NMR constraints and structural calculations

Qualitative distance constraints were obtained from NOE intensities. NOEs were classified as strong, medium or weak, and distances constraints were set accordingly to 3, 4 or 5 Å. In addition to these experimentally derived constraints, hydrogen bond and planarity constrains for the base pairs were used. Due to the relatively broad line-widths of the sugar proton signals, J-coupling constants were not accurately measured, but only, roughly estimated from DQF-COSY cross-peaks. Loose values were set for the sugar dihedral angles δ, ν1 and ν2 to constrain deoxyribose conformation to North or South domain as described in previous studies on related molecules (10,45).

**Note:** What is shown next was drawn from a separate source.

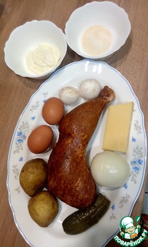 Окорочок разбираем на филе, шкурку удаляем, мелко нарезаем. Это наш шестой слой. Заключительный слой - натертый на крупной терке картофель, перемешанный с майонезом.

Partial atomic charges for tCO were calculated using the RESP model (46) after geometry optimization. The electrostatic potential energy were carry out at the Hartree–Fock level of theory using the 6–31G(d) basis set for consistency with other atomic charges in the AMBER force field (47). The sugar was replaced with a methyl group, which Cartesian coordinates were restrained at 0.0631 eu. This made the net charge of the base the same as the cytosine one in the AMBER force field. New force field parameters necessary were obtained from BSC1 (48) or GAFF (49). The parameters are available on the AMBER parameters database of the University of Manchester (amber.manchester.ac.uk).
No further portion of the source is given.